Things in your relationship. The fire and excitement in your relationship may have died because you were too comfortable or complacent with one other, making things more of a habit than an act of love. You begin to resemble brothers or friends rather than lovers. Being too comfortable with each other removes the excitement and romance from the relationship, making it monotonous and ordinary. When couples do the same things over and over, they stop growing as individuals and as partners. Change up your routine and spice up your relationship. There are things and interests you may pursue independently to help you grow as a person, and things you can pursue jointly to help you bond. Allowing your spouse or partner his or her own space to do his or her own thing or enjoy the company of his or her friends is crucial, but it is equally important to spend time alone with each other on regular dates or vacations to bond and build new and exciting memories.
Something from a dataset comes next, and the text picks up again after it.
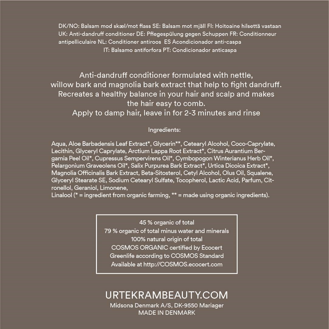 Odżywka Urtekram Nettle sformułowana z ekstraktem z pokrzywy, kory wierzby i magnolii pomaga zwalczyć łupież i przywrócić zdrową równowagę włosów i skóry głowy. Wmasować we włosy i pozostawić na 2-3 minuty. Certyfikowany przez Ecocert Cosmos Organic, wegański i pochodzenia naturalnego.
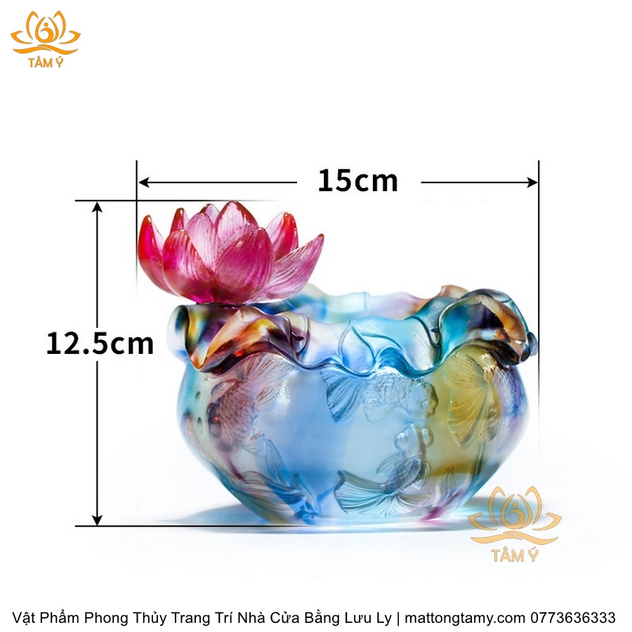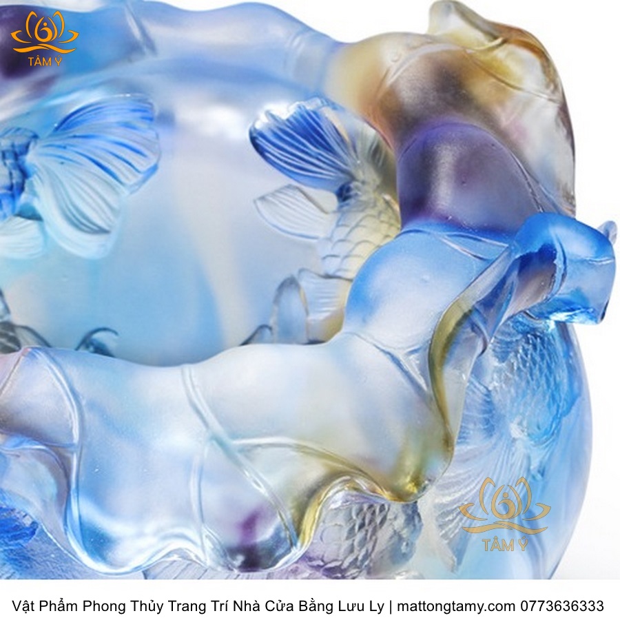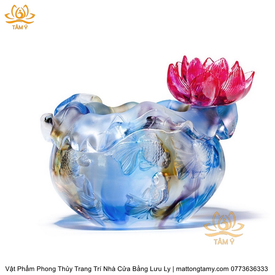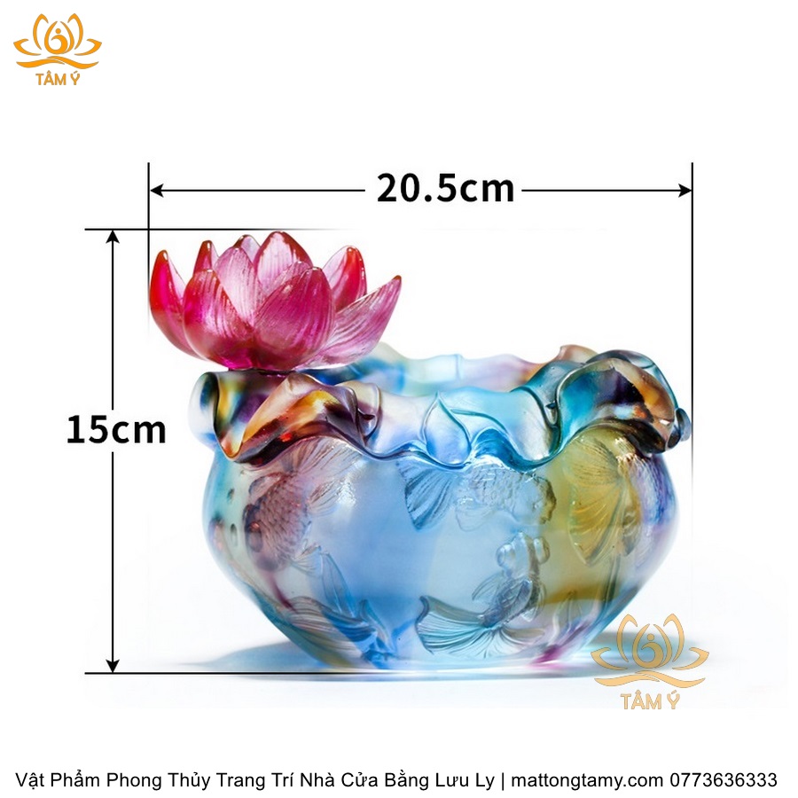 Chậu - Bát - Bể Cá Đính Bông Sen Bằng Lưu Ly Cao Cấp Vật Phẩm Phong Thủy Trang Trí Nhà Cửa, DTT105

Intimacy and sex are lacking. Life can become so hectic and stressful that couples may find themselves too preoccupied or stressed for intimacy or sex, which is never a healthy thing in a relationship. Couples need to connect intimately, emotionally and physically, and sex is the best way to do it. Sex in a long-term relationship may dry up, and couples tend to have less sex with time. Couples should work together to avoid this. One of the reasons why partnerships collapse is a lack of closeness or sexual dissatisfaction. When couples stop having sex, they feel distant and distanced from one another, making them vulnerable to infidelity. It is ideal for couples to maintain an active sex life in order to keep the connection alive and intriguing. Although it is crucial to establish an intimate connection with your relationship through regular sex, couples should be aware that putting pressure on their spouse or partner to engage in frequent sex is not a good idea. You don’t have to have sex every day, but studies show that having sex once a week is optimum and sufficient to retain that personal connection between couples. There are many obstacles to overcome, such as tension at work, stress in everyday life, caring for children, and a state when you are not in the mood for sex, but the frequency and timing of having sex should be discussed and arranged, just like any other issue in your relationship. In every romantic relationship, intimate connection via sex is essential, and when partners do not have adequate connection through sex, they must take action to resolve the issue in order to save the relationship.